Directions
Set the pictures aside and return each record below precisely as written.

--- START ---

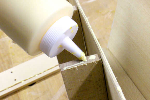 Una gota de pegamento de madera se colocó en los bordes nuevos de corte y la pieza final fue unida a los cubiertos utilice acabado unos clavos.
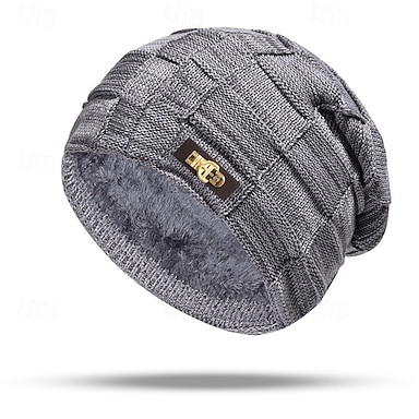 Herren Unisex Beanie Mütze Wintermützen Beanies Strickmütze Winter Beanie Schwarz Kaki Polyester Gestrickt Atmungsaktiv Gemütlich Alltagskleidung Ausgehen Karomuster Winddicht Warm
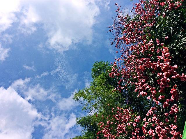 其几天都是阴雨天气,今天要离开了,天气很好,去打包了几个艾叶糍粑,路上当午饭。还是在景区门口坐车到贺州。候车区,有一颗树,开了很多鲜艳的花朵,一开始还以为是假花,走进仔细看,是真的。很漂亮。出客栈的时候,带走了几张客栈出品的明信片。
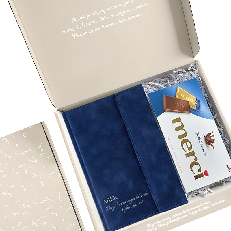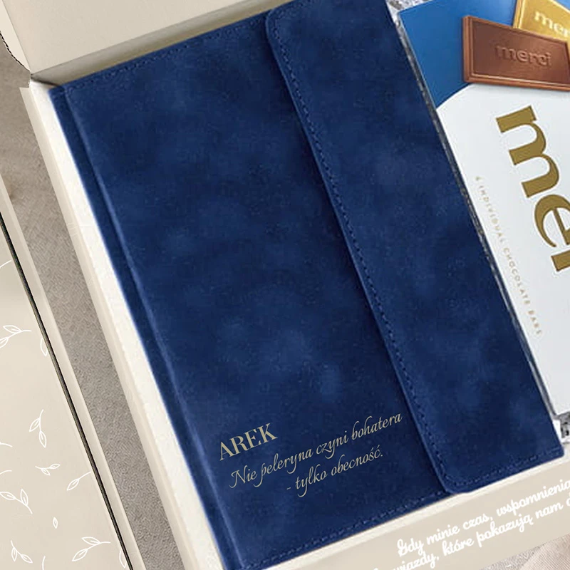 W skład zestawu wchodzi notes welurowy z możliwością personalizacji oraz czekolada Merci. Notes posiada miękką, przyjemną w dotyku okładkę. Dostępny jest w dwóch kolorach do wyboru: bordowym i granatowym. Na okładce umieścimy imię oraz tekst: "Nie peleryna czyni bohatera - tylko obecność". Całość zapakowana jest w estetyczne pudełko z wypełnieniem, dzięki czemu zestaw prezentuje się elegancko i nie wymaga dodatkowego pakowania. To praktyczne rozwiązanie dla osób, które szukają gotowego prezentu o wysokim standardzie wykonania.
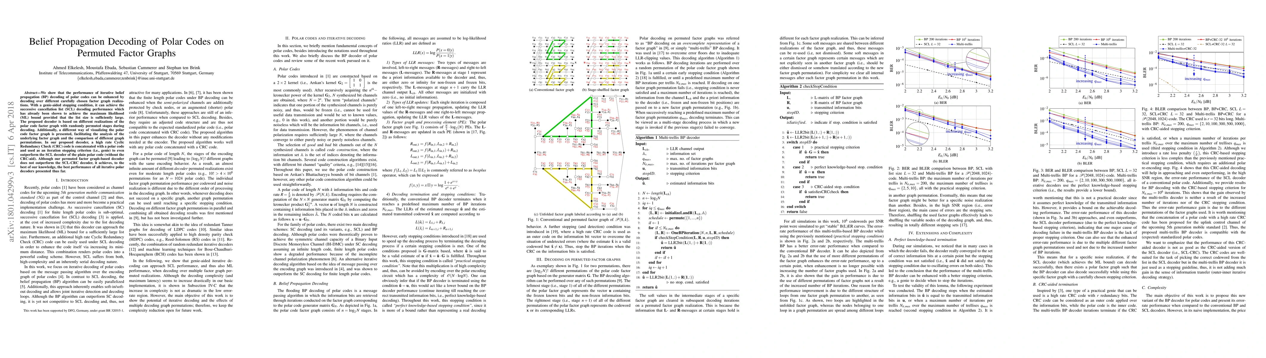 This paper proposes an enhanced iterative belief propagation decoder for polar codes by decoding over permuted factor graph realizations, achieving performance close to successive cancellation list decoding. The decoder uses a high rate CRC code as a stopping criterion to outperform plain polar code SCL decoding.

--- END ---

Written solution
 Una gota de pegamento de madera se colocó en los bordes nuevos de corte y la pieza final fue unida a los cubiertos utilice acabado unos clavos.
 Herren Unisex Beanie Mütze Wintermützen Beanies Strickmütze Winter Beanie Schwarz Kaki Polyester Gestrickt Atmungsaktiv Gemütlich Alltagskleidung Ausgehen Karomuster Winddicht Warm
 其几天都是阴雨天气,今天要离开了,天气很好,去打包了几个艾叶糍粑,路上当午饭。还是在景区门口坐车到贺州。候车区,有一颗树,开了很多鲜艳的花朵,一开始还以为是假花,走进仔细看,是真的。很漂亮。出客栈的时候,带走了几张客栈出品的明信片。
 W skład zestawu wchodzi notes welurowy z możliwością personalizacji oraz czekolada Merci. Notes posiada miękką, przyjemną w dotyku okładkę. Dostępny jest w dwóch kolorach do wyboru: bordowym i granatowym. Na okładce umieścimy imię oraz tekst: "Nie peleryna czyni bohatera - tylko obecność". Całość zapakowana jest w estetyczne pudełko z wypełnieniem, dzięki czemu zestaw prezentuje się elegancko i nie wymaga dodatkowego pakowania. To praktyczne rozwiązanie dla osób, które szukają gotowego prezentu o wysokim standardzie wykonania.
 This paper proposes an enhanced iterative belief propagation decoder for polar codes by decoding over permuted factor graph realizations, achieving performance close to successive cancellation list decoding. The decoder uses a high rate CRC code as a stopping criterion to outperform plain polar code SCL decoding.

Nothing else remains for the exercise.